**Task to complete:** Every record that follows must be duplicated exactly, with images left out.

[Source records]
________
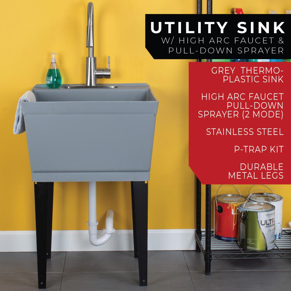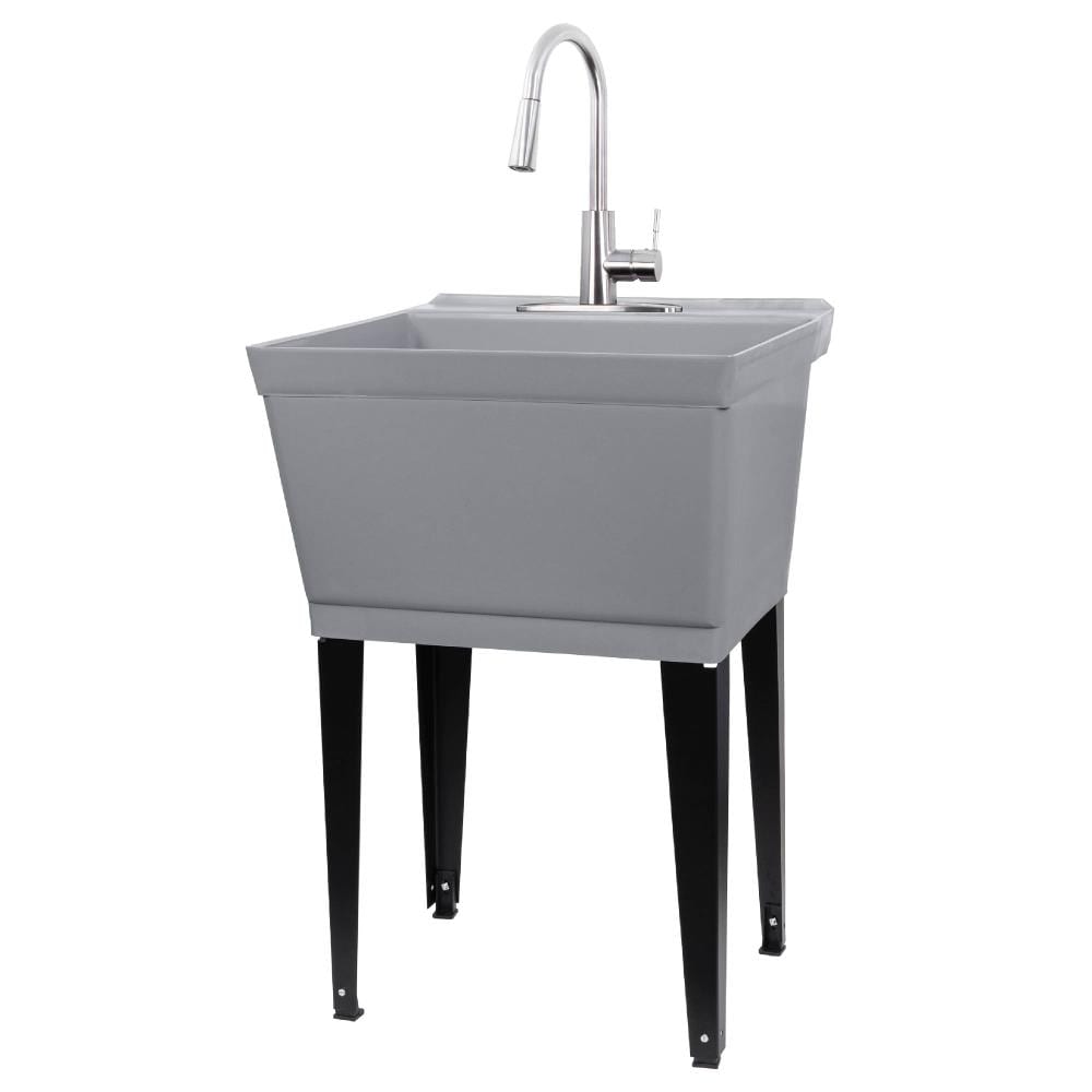 Cambridge Resources 23.5-Inch Gray Freestanding Utility Tub with Drain & Faucet
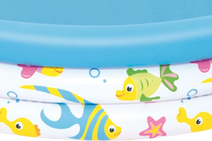 Het lichte en veilige opblaasbare BESTWAY-zwembad is ideaal voor kleine kinderen tijdens warme dagen in de tuin of op vakantie. Het biedt een capaciteit van 140 liter, een driekamersconstructie voor stabiliteit en duurzaam PVC-materiaal. De kleurrijke print met zeedieren en het veiligheidsventiel zorgen voor een ontspannen en leuke verfrissing.
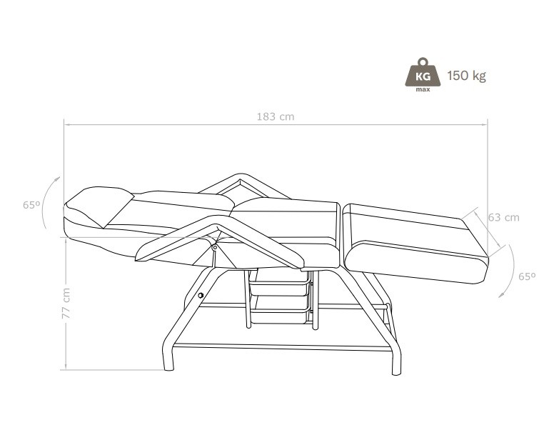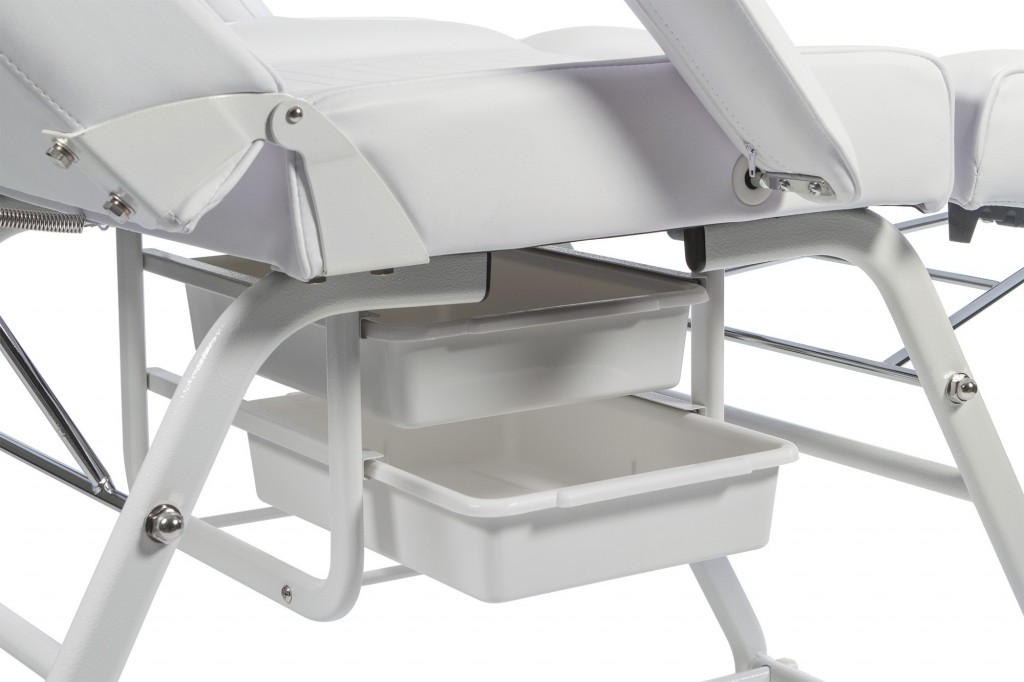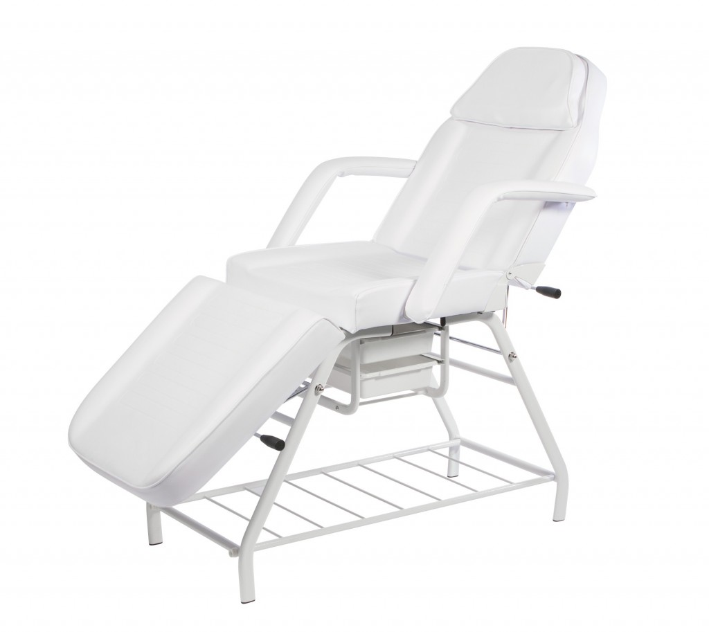 Fotel idealnie nadaje się do zabiegów kosmetycznych, takich jak: kosmetyki, makijaż, przedłużanie rzęs i masaż.
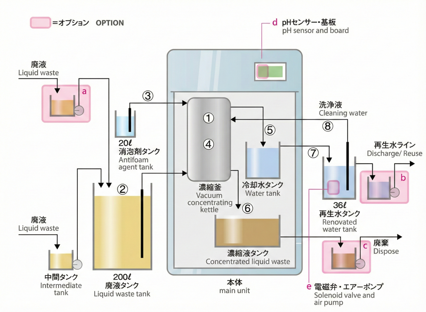 「減圧蒸留方式」とは、減圧濃縮釜に自動で吸引した廃液をヒーターで低温沸騰させ、発生した蒸気を冷凍機で凝縮して再生水として回収する方式です。
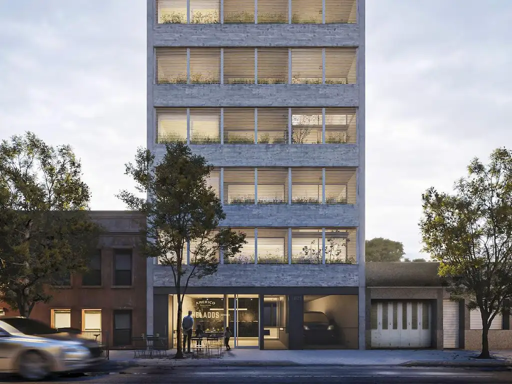 Edificio de planta baja más 6 pisos con local comercial, 2 niveles de cocheras por rampa móvil y viviendas en 6 plantas con monoambientes, 1 y 2 dormitorios. último piso con unidades de terrazas exclusivos, unidades dúplex de 1 dormitorio, piso 1 con unidad con patio y parrillero. Control de acceso. 1 ascensor.
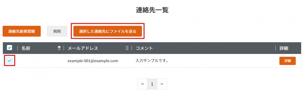 1 連絡先一覧から、登録済みメールアドレスの左端のチェックボックスにチェックをいれ、【選択した連絡先にファイルを送る】をクリックします。
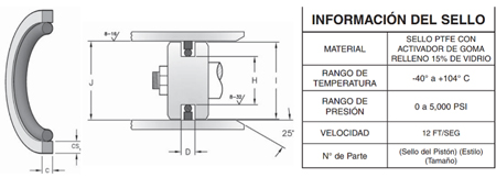El estilo PS1800 ofrece un sellado de pistones de alta resistencia y baja fricción. El PS1800 también ofrece un sello para pistón de doble acción con un diseño compacto que cumple los requisitos de la norma ANSI/B93-32-1973. NOTA:
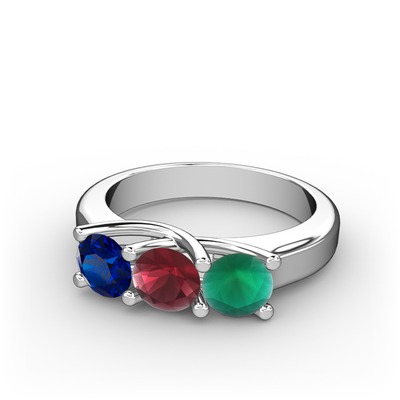 Lab safir, kök yakut ve kök zümrüt 8 ayar beyaz altın yüzük
________
**Solution for this problem:**
 Cambridge Resources 23.5-Inch Gray Freestanding Utility Tub with Drain & Faucet
 Het lichte en veilige opblaasbare BESTWAY-zwembad is ideaal voor kleine kinderen tijdens warme dagen in de tuin of op vakantie. Het biedt een capaciteit van 140 liter, een driekamersconstructie voor stabiliteit en duurzaam PVC-materiaal. De kleurrijke print met zeedieren en het veiligheidsventiel zorgen voor een ontspannen en leuke verfrissing.
 Fotel idealnie nadaje się do zabiegów kosmetycznych, takich jak: kosmetyki, makijaż, przedłużanie rzęs i masaż.
 「減圧蒸留方式」とは、減圧濃縮釜に自動で吸引した廃液をヒーターで低温沸騰させ、発生した蒸気を冷凍機で凝縮して再生水として回収する方式です。
 Edificio de planta baja más 6 pisos con local comercial, 2 niveles de cocheras por rampa móvil y viviendas en 6 plantas con monoambientes, 1 y 2 dormitorios. último piso con unidades de terrazas exclusivos, unidades dúplex de 1 dormitorio, piso 1 con unidad con patio y parrillero. Control de acceso. 1 ascensor.
 1 連絡先一覧から、登録済みメールアドレスの左端のチェックボックスにチェックをいれ、【選択した連絡先にファイルを送る】をクリックします。
El estilo PS1800 ofrece un sellado de pistones de alta resistencia y baja fricción. El PS1800 también ofrece un sello para pistón de doble acción con un diseño compacto que cumple los requisitos de la norma ANSI/B93-32-1973. NOTA:
 Lab safir, kök yakut ve kök zümrüt 8 ayar beyaz altın yüzük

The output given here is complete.